Initialization Guide
In BioNeMo Recipes, each model or recipe owns its own environment through a local Dockerfile, and
the repository also includes VS Code devcontainer configuration for interactive development. Each
model and recipe folder is a self-contained example.
Before starting, confirm that your host satisfies the Hardware and Software Prerequisites, including a working NVIDIA container runtime.
Choose an Environment
VS Code Devcontainer
For interactive development, open the repository in VS Code and run Dev Containers: Reopen in
Container. The top-level .devcontainer builds a development image and mounts useful host
state such as caches, SSH configuration, and ~/.netrc into the container.
Some recipes also provide recipe-specific devcontainers, for e.g. megatron support.

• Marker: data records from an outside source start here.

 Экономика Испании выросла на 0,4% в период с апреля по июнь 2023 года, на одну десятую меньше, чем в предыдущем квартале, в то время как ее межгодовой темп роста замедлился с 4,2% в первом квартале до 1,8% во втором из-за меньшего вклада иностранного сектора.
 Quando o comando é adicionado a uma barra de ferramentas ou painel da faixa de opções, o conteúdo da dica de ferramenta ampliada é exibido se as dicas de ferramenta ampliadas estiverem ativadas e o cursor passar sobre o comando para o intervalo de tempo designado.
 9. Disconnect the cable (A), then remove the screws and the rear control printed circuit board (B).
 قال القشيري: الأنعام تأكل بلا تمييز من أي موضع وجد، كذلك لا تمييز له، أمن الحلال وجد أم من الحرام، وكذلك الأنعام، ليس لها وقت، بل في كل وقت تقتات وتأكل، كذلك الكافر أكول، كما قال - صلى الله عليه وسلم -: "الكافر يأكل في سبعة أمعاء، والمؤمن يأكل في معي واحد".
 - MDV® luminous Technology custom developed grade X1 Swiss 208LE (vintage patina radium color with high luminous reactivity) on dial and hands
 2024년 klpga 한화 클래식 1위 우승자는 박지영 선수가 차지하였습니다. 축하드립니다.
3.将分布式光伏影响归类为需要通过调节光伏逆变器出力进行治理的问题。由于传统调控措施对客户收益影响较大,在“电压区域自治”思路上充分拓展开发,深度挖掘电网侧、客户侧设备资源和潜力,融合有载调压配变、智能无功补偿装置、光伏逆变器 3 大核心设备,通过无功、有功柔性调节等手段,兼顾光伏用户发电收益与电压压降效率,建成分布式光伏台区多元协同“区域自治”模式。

Use those when you are working only in that recipe and want its narrower dependency set.
Recipe Dockerfile
For command-line workflows, build the Docker image from the recipe or model directory you plan to use. These Dockerfiles generally start from the NGC PyTorch base image and install the local package plus that recipe's dependencies.
cd recipes/evo2_megatron
docker build -t bionemo-evo2:dev .
Use a different tag for each recipe image, for example bionemo-esm2-native:dev or
bionemo-codonfm:dev.
Credentials
There are a few options for passing environment into running containers:
- Mount credential files read-only, such as
~/.netrc,~/.ngc,~/.aws, or~/.ssh. - Pass individual environment variables with
-e, such asWANDB_API_KEYorNGC_CLI_API_KEY. - Let the VS Code devcontainer mount the same host credential files during development.
For example:
docker run --rm -it --gpus all \
-v "$HOME/.netrc:/root/.netrc:ro" \
-v "$HOME/.ngc:/root/.ngc:ro" \
-e WANDB_API_KEY \
bionemo-evo2:dev \
bash
Runtime Mounts
Mount only the directories needed by the workflow. Common mounts are:
- The recipe source directory, when iterating locally.

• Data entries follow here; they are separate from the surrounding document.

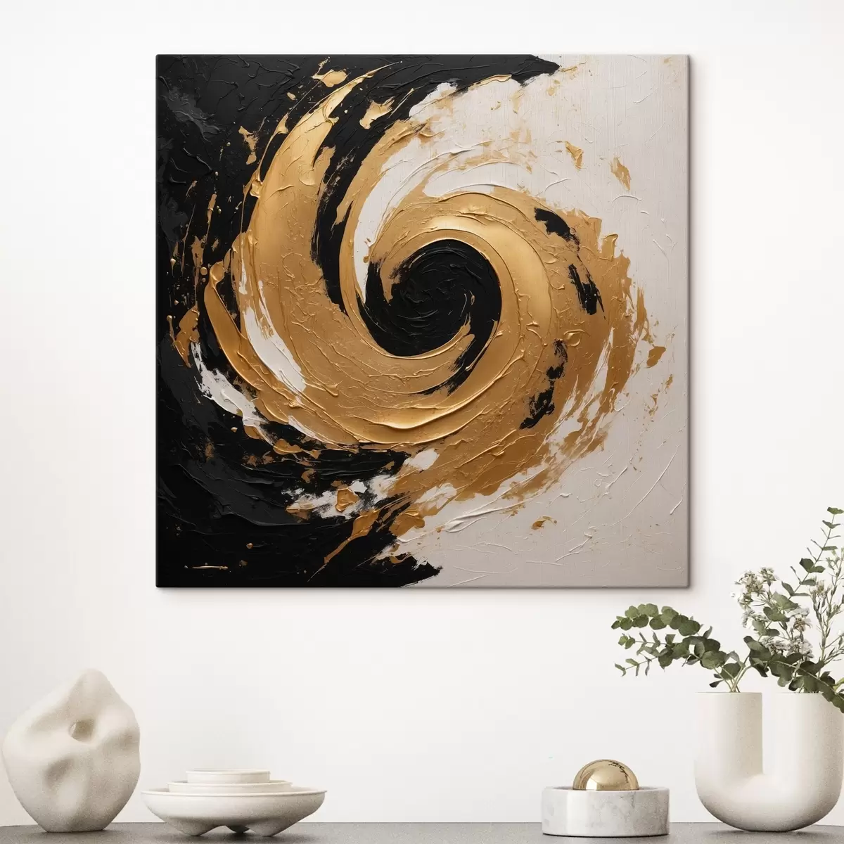 Cuadros Pintura al óleo abstracta con remolino negro y amarillo Nr s40864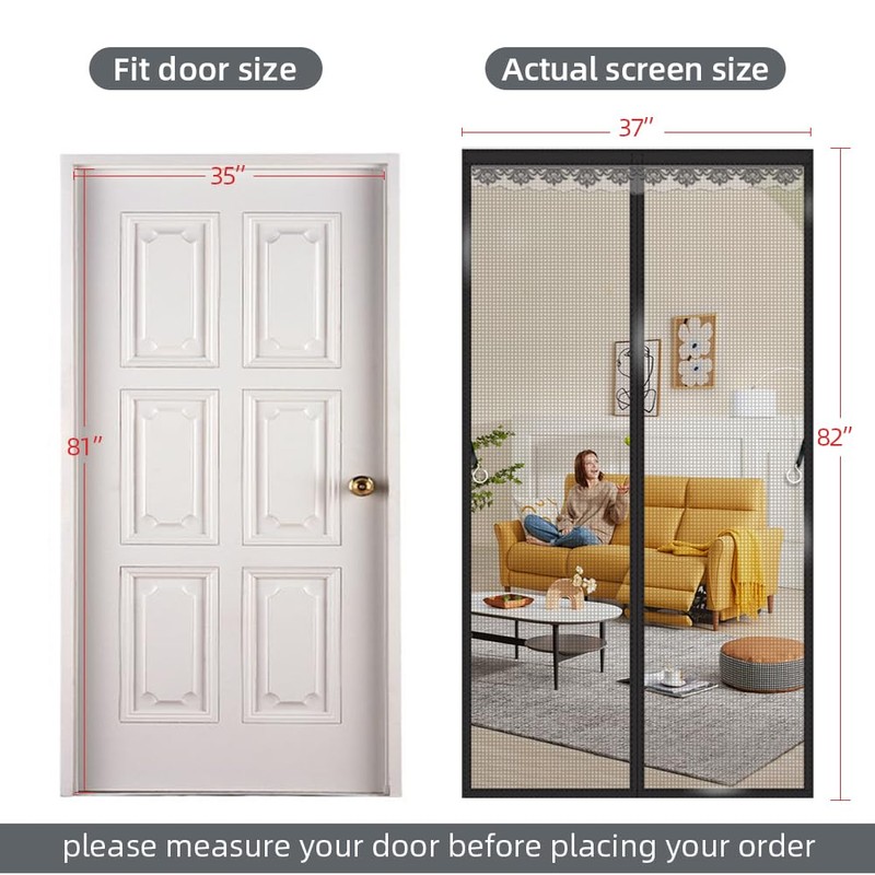 - 【Choose The Right Size】For other sizes, welcome to inquire in the store。 The size of this magnetic screen door is 37"x82"-- Fits Door Size up to 36"x82" Max(NOT INCLUDE DOOR FRAME). This screen door mesh with magnetic closure can be attached easily to your balcony door, bedroom, kitchen, children's room or sliding door. Please measure your door frame before purchasing.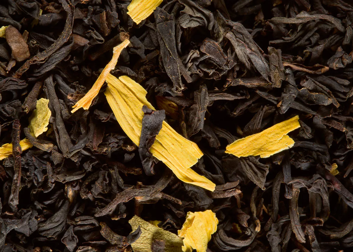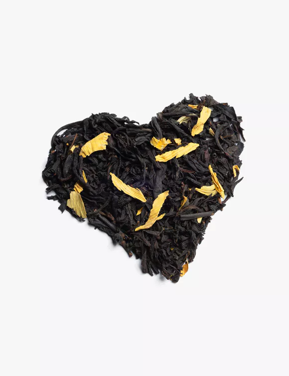 Thé noir (Camellia sinensis), arômes (pomme caramélisée, marasquin), pétales de fleur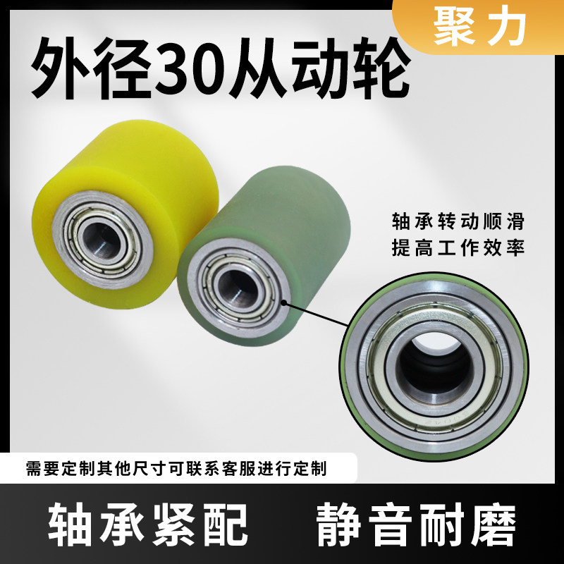 Rubber-coated roller outer diameter 30mm polyurethane PU rubber wheel silent wear-resistant non-powered anti-static roller can be customized

- A dataset or checkpoint cache.
- An output directory for logs, checkpoints, and predictions.
- Credential files, mounted read-only.
Example interactive shell:
cd recipes/evo2_megatron
docker run --rm -it --gpus all \
--ipc=host \
--shm-size=16g \
-v "$PWD:/workspace/bionemo" \
-v "$HOME/.cache:/root/.cache" \
-v "$HOME/.netrc:/root/.netrc:ro" \
-v "$PWD/results:/workspace/results" \
-e WANDB_API_KEY \
bionemo-evo2:dev \
bash
Example one-shot training command:
cd recipes/evo2_megatron
docker run --rm -it --gpus all \
--ipc=host \
--shm-size=16g \
-v "$PWD:/workspace/bionemo" \
-v "$HOME/.cache:/root/.cache" \
-v "$HOME/.netrc:/root/.netrc:ro" \
-v "$PWD/results:/workspace/results" \
-e WANDB_API_KEY \
bionemo-evo2:dev \
train_evo2 --help
Replace the image tag and command with the recipe you are using. Recipe READMEs document the supported entrypoints and recommended commands.
Jupyter
If the recipe image includes Jupyter, expose a local port and keep notebooks inside a mounted workspace or output directory:
docker run --rm -it --gpus all \
--ipc=host \
--shm-size=16g \
-p 8888:8888 \
-v "$PWD:/workspace/bionemo" \
-v "$HOME/.cache:/root/.cache" \
-v "$HOME/.netrc:/root/.netrc:ro" \
bionemo-evo2:dev \
jupyter lab --allow-root --ip=0.0.0.0 --port=8888 --no-browser
Then open http://localhost:8888.
Useful Docker Options
--gpus all: make host GPUs visible inside the container.--ipc=hostor--shm-size=<size>: provide enough shared memory for PyTorch dataloaders and distributed workloads.-v <host>:<container>[:ro]: mount data, outputs, caches, or credentials. Add:rofor credentials.-e NAMEor-e NAME=value: pass an environment variable into the container.-u $(id -u):$(id -g): run as your host user when you need outputs owned by your local UID/GID.